Manager of NYC nonprofit pleads guilty to wire fraud
In Brooklyn Federal Court, Ingris Coronado pleaded guilty late last week to charges of defrauding her former employer, Southern Queens Park Association (SQPA), a government-funded nonprofit that provides educational and other social services to young adults.
The guilty plea took place before United States District Judge William F. Kuntz II. When sentenced, Coronado faces up to 20 years in prison, as well as forfeiture and a fine of up to $250,000 for submitting false invoices and cashing checks issued in the names of other individuals.
Since at least 2014, Coronado worked as a project manager for SQPA, which received millions of dollars annually in New York City government funding. According to court filings and facts presented during the plea proceeding, between August 2014 and September 2018 Coronado engaged in a scheme to steal money from SQPA.
In particular, in her role as the supervisor of an after-school program run by SQPA, Coronado repeatedly falsified time sheets, collected checks issued in the names of more than 10 of her supervisees and deposited those checks into her own bank account.
On multiple occasions, Coronado also created false invoices for vendors for SQPA and deposited the resulting payment checks into her personal account.
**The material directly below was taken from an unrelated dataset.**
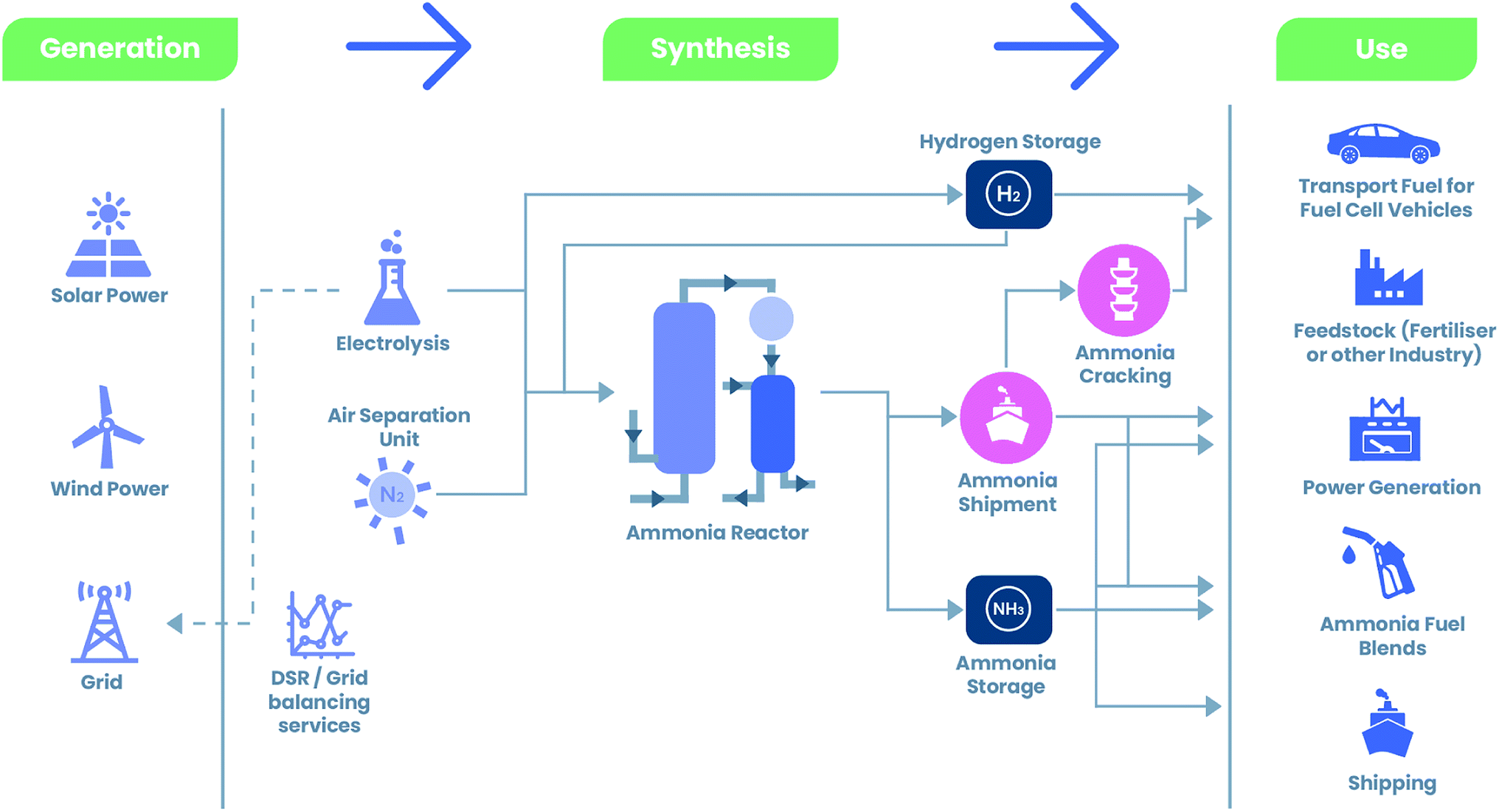Ammonia (NH3) is produced by combining gaseous hydrogen with nitrogen from the air. Large-scale ammonia production uses natural gas for the source of hydrogen (grey hydrogen). However, if the market for clean hydrogen takes off, ammonia can be produced cleanly as well.

As a result of her fraudulent conduct, Coronado stole tens of thousands of dollars from SQPA.
Seth D. DuCharme, acting United States Attorney for the Eastern District of New York, William F. Sweeney, Jr., Assistant Director-in-Charge, Federal Bureau of Investigation, New York Field Office (FBI), and Margaret Garnett, Commissioner, New York City Department of Investigation (DOI), announced the guilty plea.
“For years, Coronado deceived her employer and abused her position at a not-for-profit organization by stealing funds that were meant to benefit members of the community,” said DuCharme. “Today’s guilty plea makes clear that individuals who engage in fraud to satisfy their own greed at the expense of the community they are supposed to be serving will be brought to justice.”
“Coronado stole money directly from a city-funded, not-for-profit program established to provide services to young adults. Today she’s admitted to her criminal activity and faces a significant jail sentence as a result of her behavior,” said Sweeney.
“This defendant falsified timesheets and vendor invoices and pocketed checks issued to employees and vendors, amounting to tens of thousands of dollars – stealing taxpayer funds meant to help residents of southern Queens who rely on this nonprofit’s programming. DOI is committed to investigating these damaging crimes that attack our city’s charitable organizations and diminish the impact of the city’s funding of their programs,” said Garnett.